Carrying a light to medium resistance band overhead and in front of your body for 45-to 60-second intervals.

Interval walks. A routine that involves alternating fast and moderate to easy bouts of walking, so you might walk for two minutes at very brisk pace, then recover at a slower pace for one minute. To put your speed in a graphed it would look like a series of peaks and valleys.
This type patter can rev up fat loss - it helps turn up the calorie burn by as much as 100% during workout and afterward. Best to vary the length of these workouts as well as the intervals themselves to keep your body challenged.

Recovery walks. Active recovery is important in any fitness program. During the recovery walk, you should walk as if you're in a bit a hurry, so that you're slightly breathless for about 20 minutes.
It don't blast fat like intervals, these tried-and-true calorie burners have an important place when you're trying to walk off your last two pounds. The perfect workout in between vigorous interval days to keep up your calorie burn without risking any injury.

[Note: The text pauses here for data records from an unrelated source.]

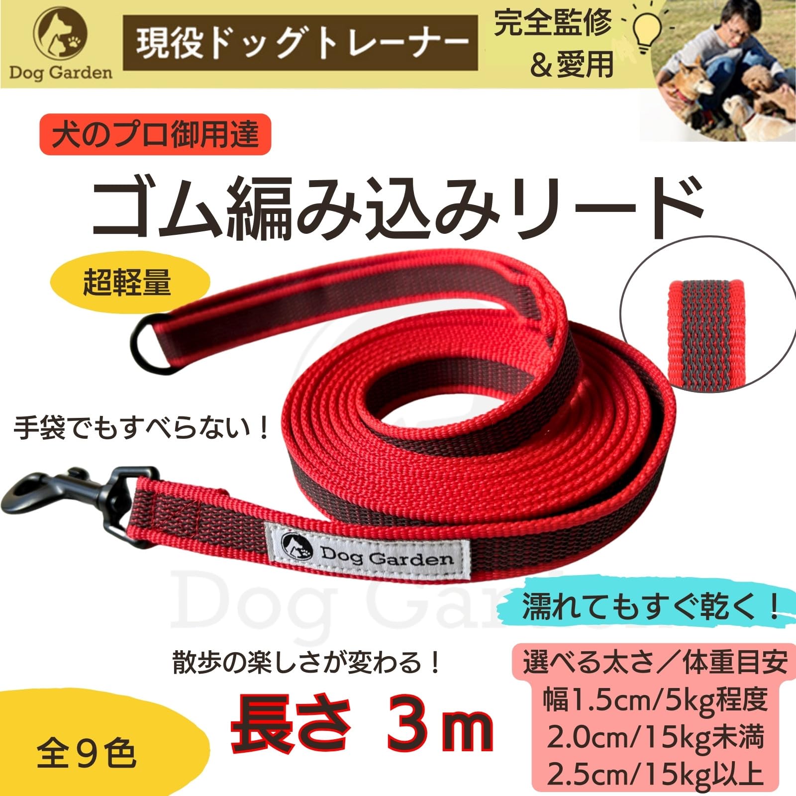 DogGardenすべらないリード 3m 小型犬~中型犬用 肩掛けリード 呼び戻し練習 軽い 洗える すぐ乾く (レッド リード幅2.0cm)
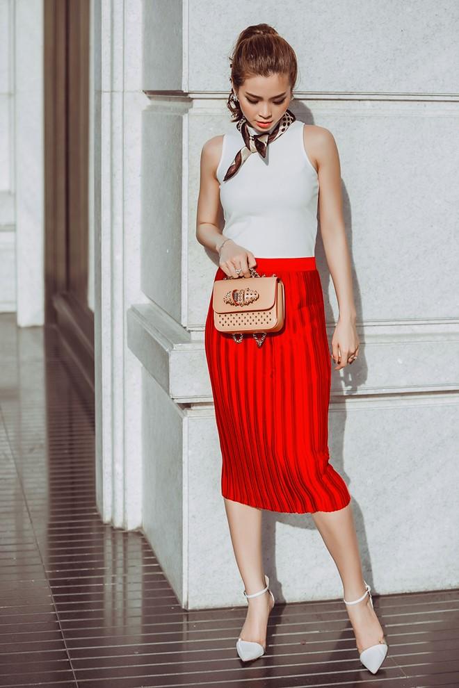 Khi chọn trang phục đi cùng chân váy đỏ nổi bật bạn có thể chọn áo, giày tông
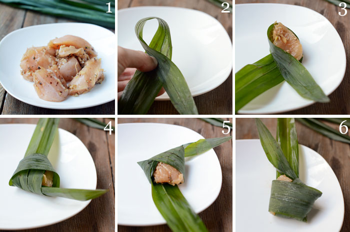 Cách cuộn miếng thịt gà vào lá dứa theo các bước
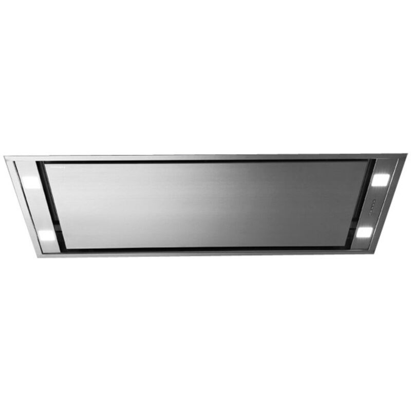 Cappa a soffitto senza motore Stella 90 Falmec CORSTEL3431. Si prega di notare che questa plafoniera viene venduta senza motore. È inoltre necessario ordinare il pacchetto motore desiderato a seconda della sua installazione (motore sul corpo, motore remoto in soffitta o motore esterno). Comandi elettronici retroilluminati. Aspirazione perimetrale con pannello antirumore di nuova generazione. Filtri antigrasso metallici lavabili in lavastoviglie. In modalità riciclaggio, è necessario installare un kit di riciclaggio (riciclaggio orizzontale: riferimento KACL939 composto da un filtro a carboni attivi (riferimento KACL928 per la sostituzione) e un sistema di sospensione/riciclaggio verticale: riferimento RECYPLAFV composto da un filtro a carboni attivi (riferimento FILTREDOWND per la sostituzione) e un sistema di sospensione. Luce LED dinamica: illuminazione a LED con temperatura variabile (da 2700K a 5600K). Tipo di prodotto: Cappa da soffitto. Gamma: Stella 90. Modalità operativa
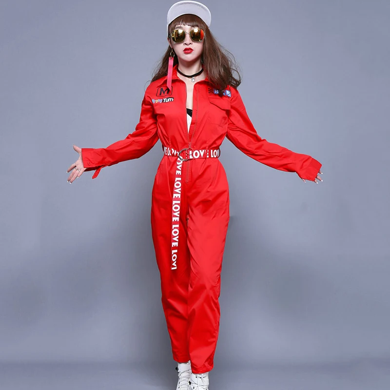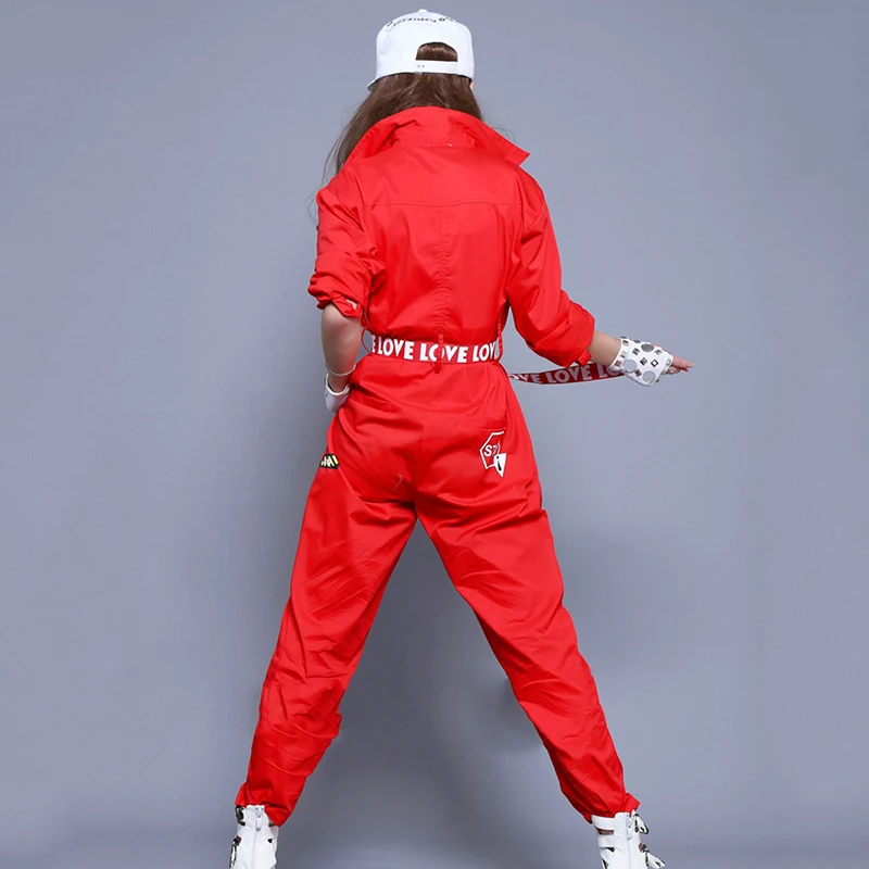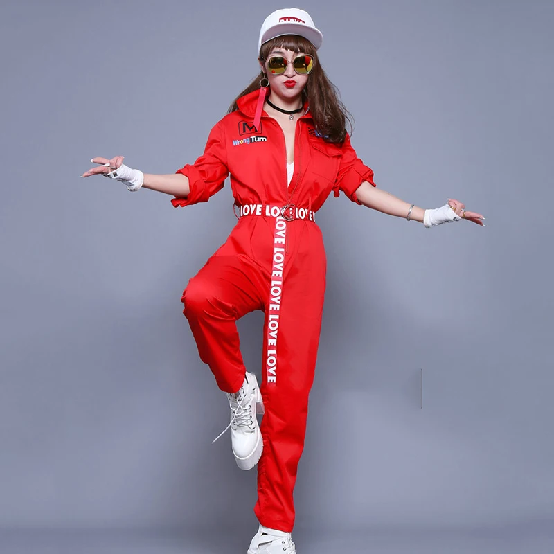 Super Deal Jazz Dance Costumes Adult Red Long Sleeve Tooling Jumpsuit Hip Hop Clothing Street Dancewear Women
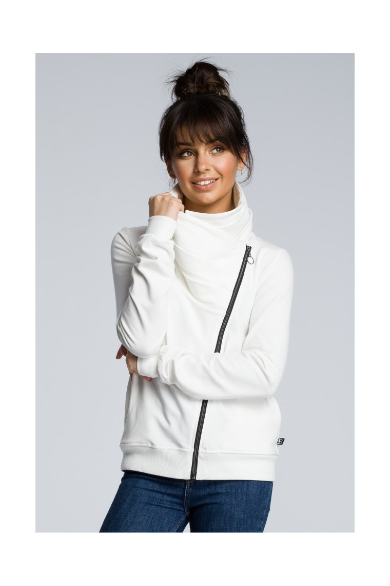 It is a zipped sweatshirt with a difference - high stand-up collar and an asymmetric zip. It looks good and keeps you warm whenever you go for a jog or a walk, or simply do jobs around the house.
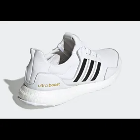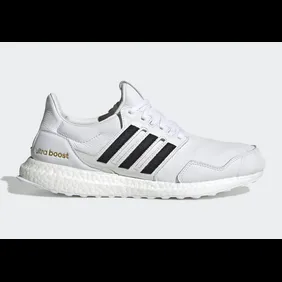 Now, Adidas is looking to pay homage to the Superstar by developing an UltraBoost that looks identical to it. Yes, that's right, Adidas has developed the UltraBoost "DNA" which has the exact same colorway as the original superstar. Unlike most UltraBoosts, this colorway is covered in white leather while black stripes are placed on the side. From there, the Adidas logo on the tongue is gold. Gold is also found on the "UltraBoost" branding near the heel cup.
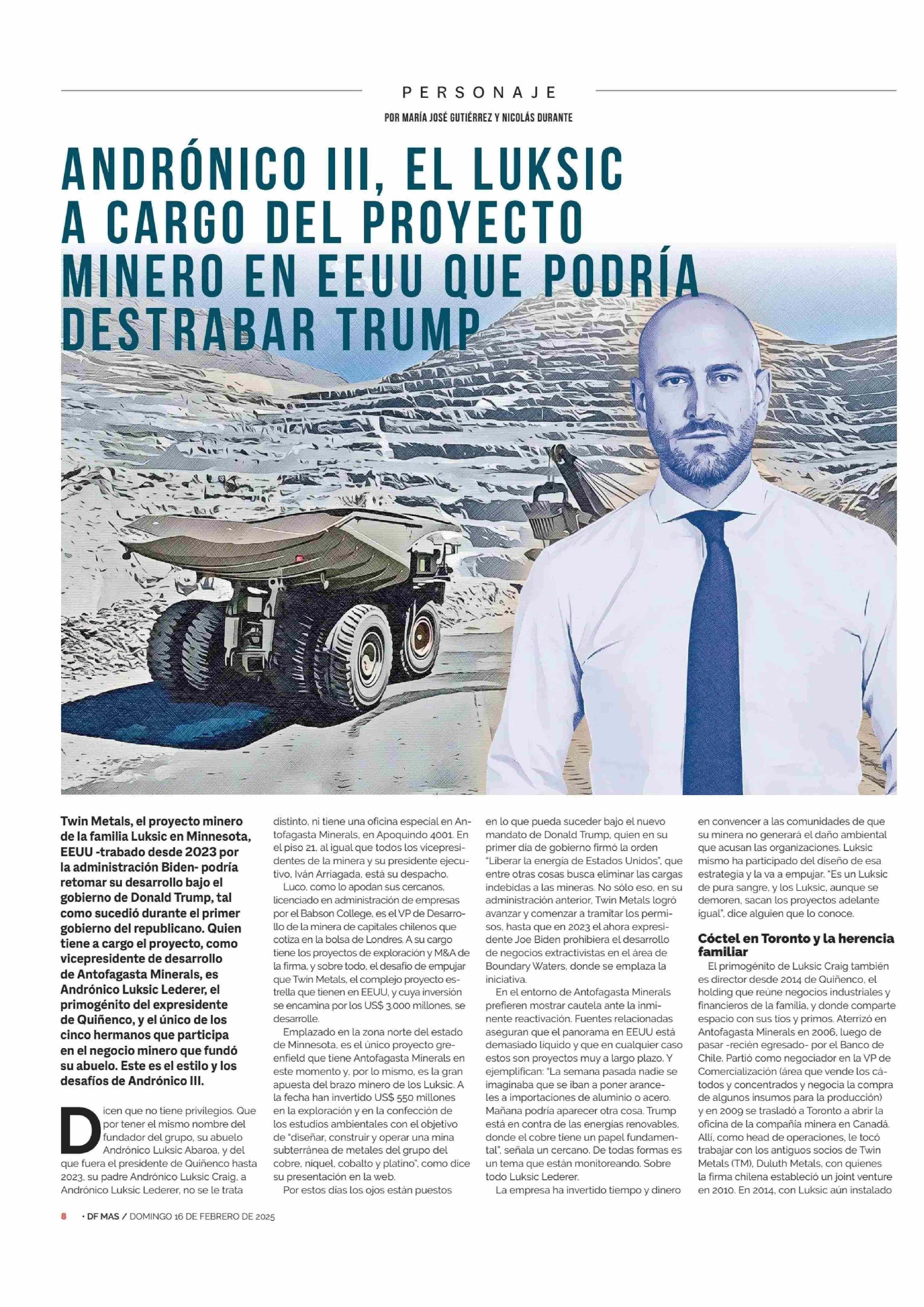 ANDRÓNICO III, EL LUKSIC A CARGO DEL PROYECTO MINERO EN EEUU QUE PODRÍA DESTRABAR TRUMP 16-02-2025 Diario Financiero |
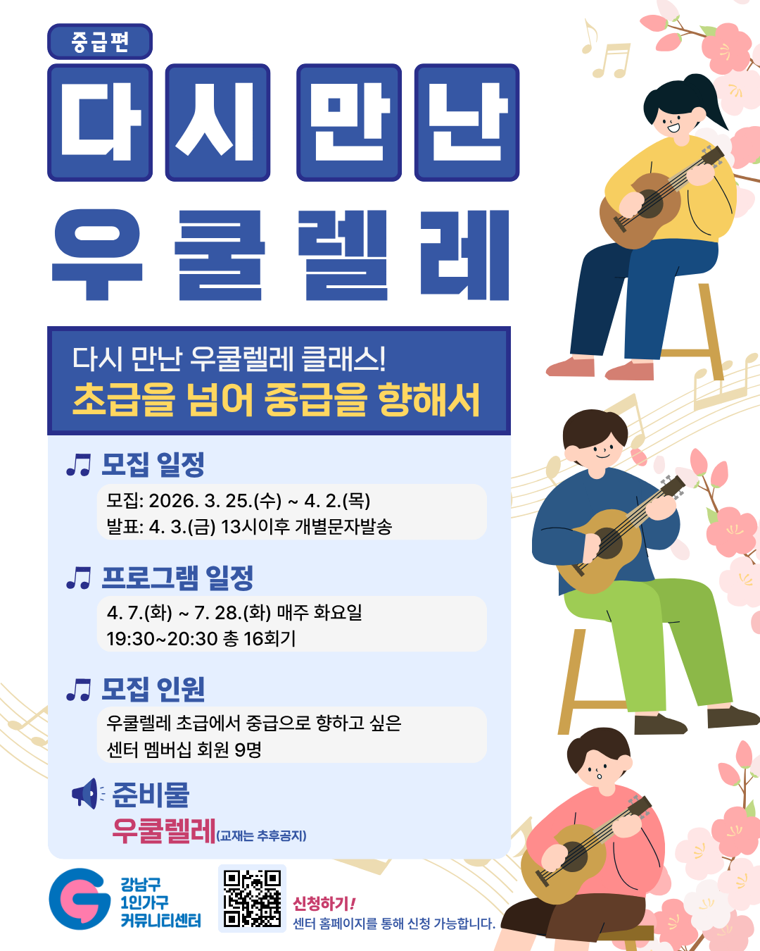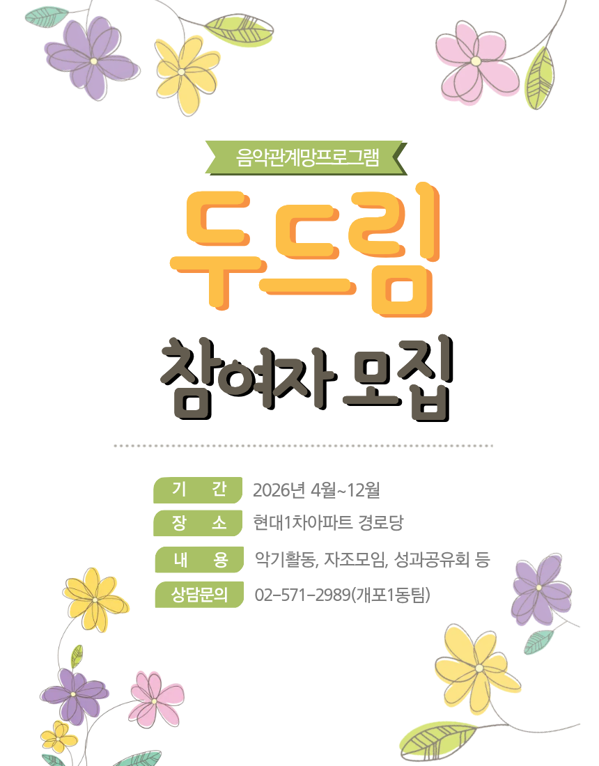 실생활에 필요한 정보를 욕구별로 찾아보세요. 복지소식 복지소식 더 보기 [강남구1인가구 커뮤니티센터] 다시 만난 우쿨렐레_중급편 [강남종합사회복지관] [강남종합사회복지관] 채움플러스(악기강좌) 수강생 모집 [능인종합사회복지관] 두드림 참여 어르신 모집 [태화기독교사회복지관] [태화기독교사회복지관] 2026년 아동심리정서지원사업 마음ON 「도란도란」 참가자 모...
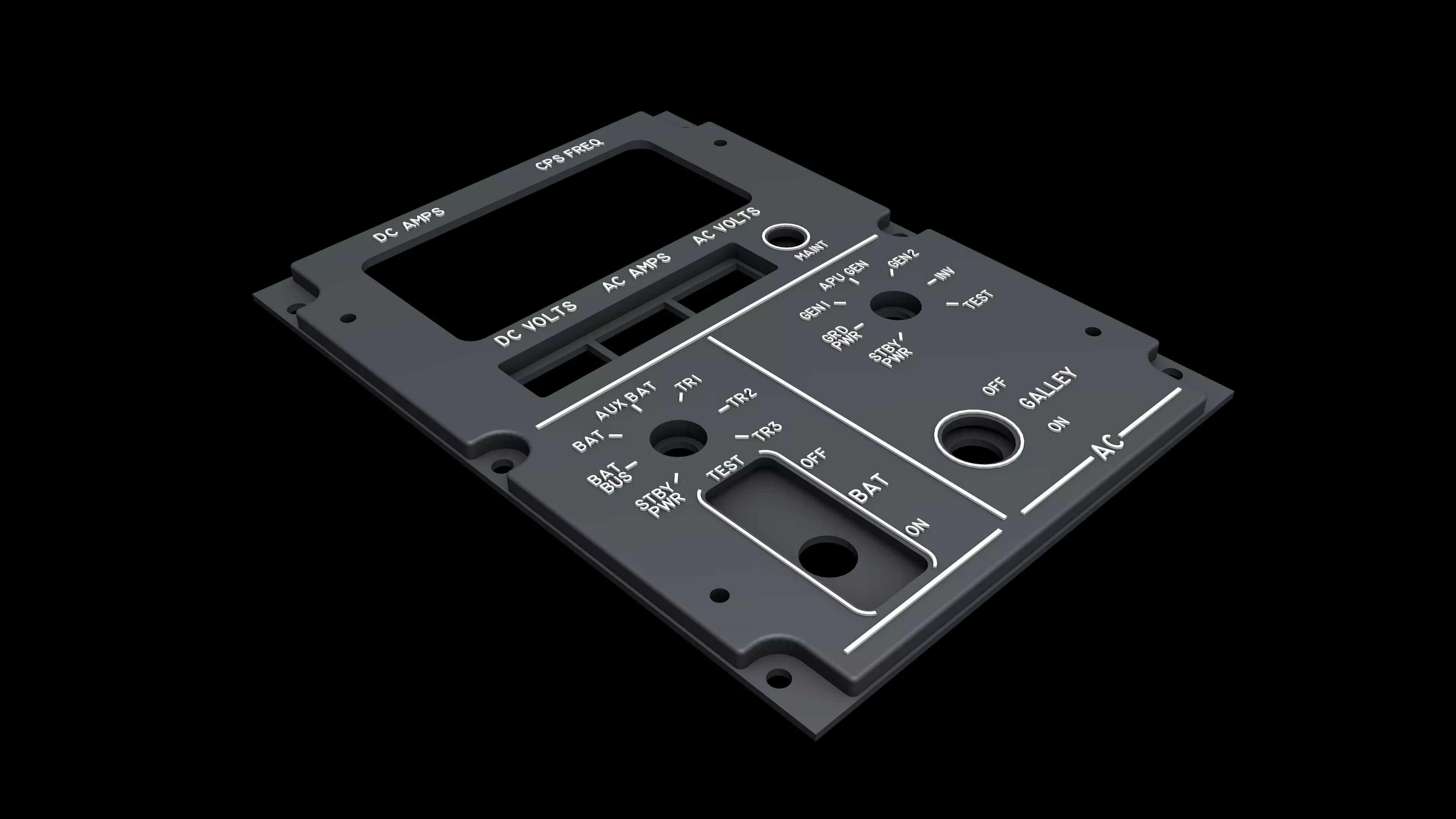 This model includes the following panels (With both back-plate and front-plate at real accurate aircraft scale and ready for 3D printing):
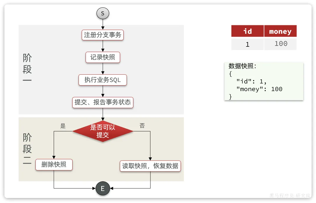 - 如果有分支事务失败,需要回滚。读取快照数据({"id": 1, "money": 100}),使用快照恢复数据库,此时数据库再次恢复为100。

Long walks. Endurance training has been shown to keep your calorie burn revved for up to seven and a half hours post-exercise. Long walks will maximize results because there is a dose response to exercise; that is, the more you do, the greater benefits, you'll receive. These will likely be the slowest walks you do in the program.

Speed walks. During these shorter workouts, you'll maintain a high intensity for the entire session, striding as if you're late for an important appointment, so you're able to speak in very brief phrases.
This type of training has been shown to specifically attack belly fat better than longer, lower-intensity exercise.

Strength training. Adding this type of training to cardio workouts improves results. It can boosts metabolism, increases weight loss and can even help you eat less.
Another addition to the toning walks that targets your upper body, you should aim to do lower body, core, and total body strength routines two to three days a week after your regular walks.